North Slope oil operators are ramping up activities following the Legislature’s approval of changes to state oil production tax on April 14.
ConocoPhillips said it will put an additional drill rig to work in the Kuparuk River field, which the company operates, said Trond-Erik Johansen, president of ConocoPhillips Alaska Inc.
ConocoPhillips will also work with its partners in the Kuparuk field, with BP being the most important, to develop a new drill site on the southwest flank of the field. An exploration well, “Sharktooth,” was drilled in the area last year.
Johansen also said ConocoPhillips would begin permitting and engineering on its Moose’s Tooth Unit in the National Petroleum Reserve.
Moose’s Tooth is in the northeast part of the NPR-A and west of the Alpine field on the Colville River Delta, which ConocoPhillips also operates.
The company has made a number of medium-sized oil and gas discoveries at Moose’s Tooth in recent years with its partner, Anadarko Petroleum Corp.
Passage of the change in the state’s petroleum tax by legislators April 14 was important in encouraging ConocoPhillips to proceed with the projects, Johansen said.
“We have always believed that Alaska’s North Slope is a resource-rich area. But developing oil from the legacy (producing) fields and new satellite fields has become increasingly challenging, costly and technology-intensive,” he wrote in a statement.
“The new oil tax law makes the North Slope a more attractive business environment and should lead to more investment in oil-producing projects than we have seen in recent years,” Johansen said.
BP did not identify specific projects the company would pursue, but was upbeat about the tax change.
“As a package, this is an important step forward and will help us compete for more investment,” said Janet Weiss, BP Alaska region president. “This puts Alaska back in the game.
“We will change our long-term plans accordingly, seeking appropriate sanctions for additional activity.”
ExxonMobil was also positive on the change.
“We believe Senate Bill 21 provides significant progress towards making Alaska’s investment environment more globally competitive and could lead to additional investment and production,” company spokesman Patrick McGinn said.
“ExxonMobil is committed to Alaska and will continue to actively pursue attractive investment opportunities,” he said.
Meanwhile, independent companies active on the slope say they are now satisfied with the tax changes, after expressing concerns when the legislation was first introduced.
“We’re in a better place now than we were with ACES,” the current law, or even early versions of SB 21, said Bart Armfeld, chief operating officer for Brooks Range Petroleum. Initially, “the loss of capital investment tax credits (in early versions of SB 21) were an issue for us,” but alterative forms of tax credits developed by the House in the final weeks of the session make a big difference, Armfeld said.
Brooks Range is developing its small “Mustang” field west of the Kuparuk River field, which is expected to be in production late next year. The road and pad for Mustang were built this winter and facilities will be under construction in 2014. Mustang will produce about 15,000 barrels per day at peak, Armfeld said.
Pioneer Natural Resources, a major independent company that operates the small Oooguruk field, said it is also satisfied with the final form of SB 21 after concerns with early versions, said Casey Sullivan, a spokesman for Pioneer.

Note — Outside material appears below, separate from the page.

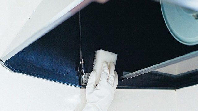 フードカバーは、アルカリ電解水を含ませたスポンジでこする。湯でぬらした古タオルで汚れを拭き取ってから、別の古タオルでから拭きする。

The company is developing what could be a major new project near the Oooguruk field that it has named Nuna. The company’s board will consider the project for final approval next fall.
Early versions of SB 21 eliminated a 20 percent capital investment tax credit that is in ACES, as well as the progressivity formula that drives up tax rates at higher oil prices.
The investment tax credit was very important to small companies like Brooks Range and even mid-sized independents like Pioneer because it provided a way for the companies to overcome very high costs of developing new North Slope projects.
The final version of SB 21 contains a combination of features to offset the loss of the tax credits, including a Loss Carry Forward credit that allows companies to get tax credits for losses incurred before production starts, and a Gross Revenue Exclusion feature for new fields that allows a portion of the production to be free of state tax.
Alaska’s tax on oil production is now among the highest among major oil-producing regions, Alaska Gov. Sean Parnell has said, and a reduction of the tax is needed to spur new industry investment.
Production has been declining on the North Slope by about 6 percent a year mainly due to flat to declining investment in new oil projects, Parnell has said.